When you reach the line with "cadeiras estão quebradas" in the records below, begin transcribing exactly and continue up to and including the line with "Beograd 26.06. 1945.", leaving out every picture.

Entries shown:
____

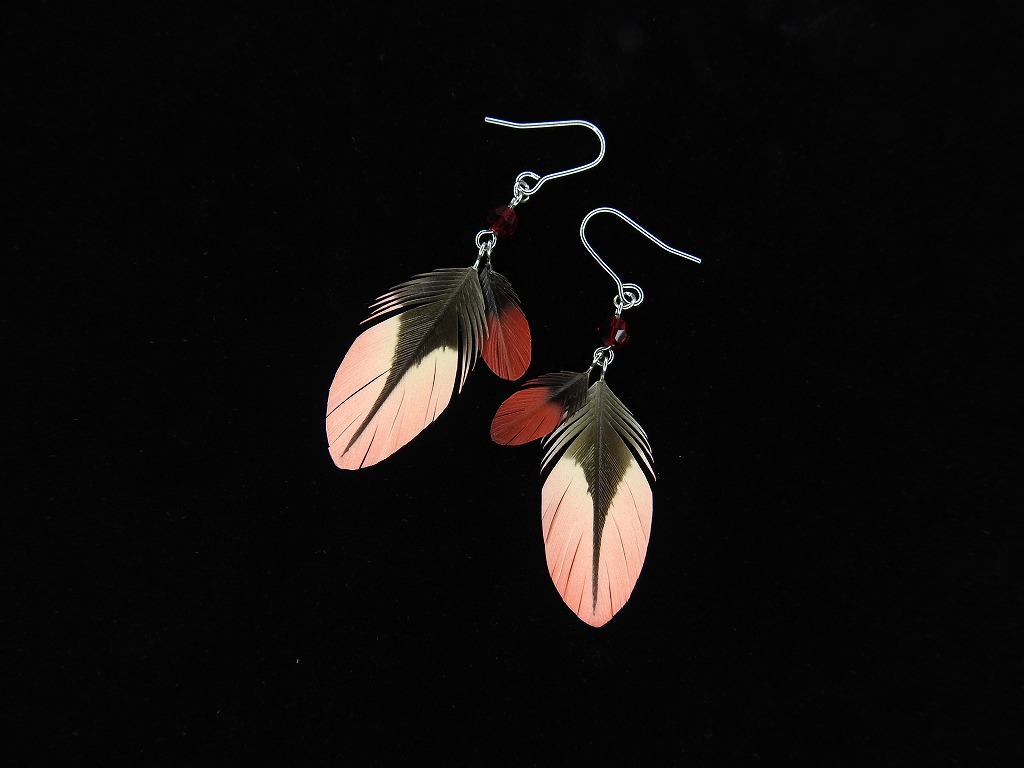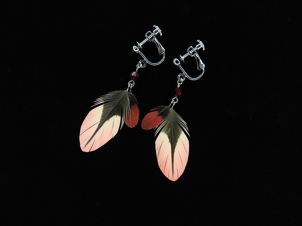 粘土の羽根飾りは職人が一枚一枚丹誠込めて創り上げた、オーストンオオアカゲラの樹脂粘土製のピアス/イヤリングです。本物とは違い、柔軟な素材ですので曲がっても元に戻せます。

____

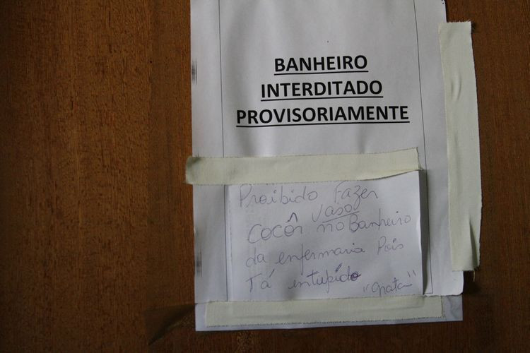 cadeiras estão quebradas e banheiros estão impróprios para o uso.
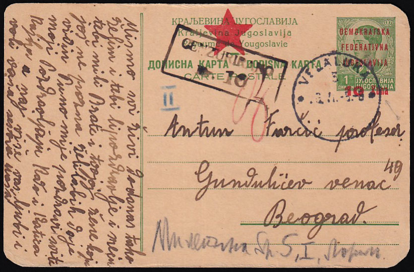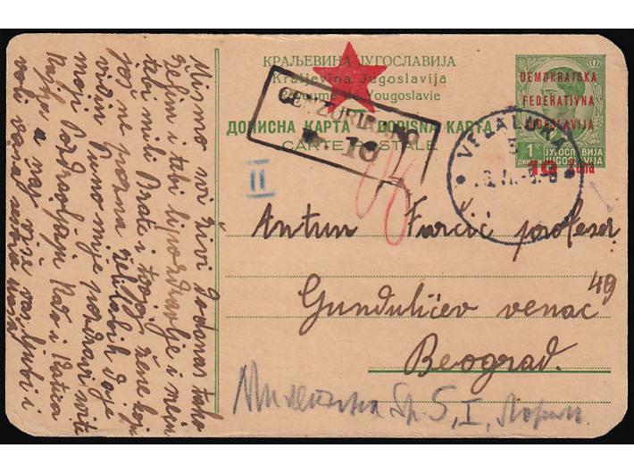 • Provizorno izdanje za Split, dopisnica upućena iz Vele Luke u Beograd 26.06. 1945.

____

Task response:
 cadeiras estão quebradas e banheiros estão impróprios para o uso.
 • Provizorno izdanje za Split, dopisnica upućena iz Vele Luke u Beograd 26.06. 1945.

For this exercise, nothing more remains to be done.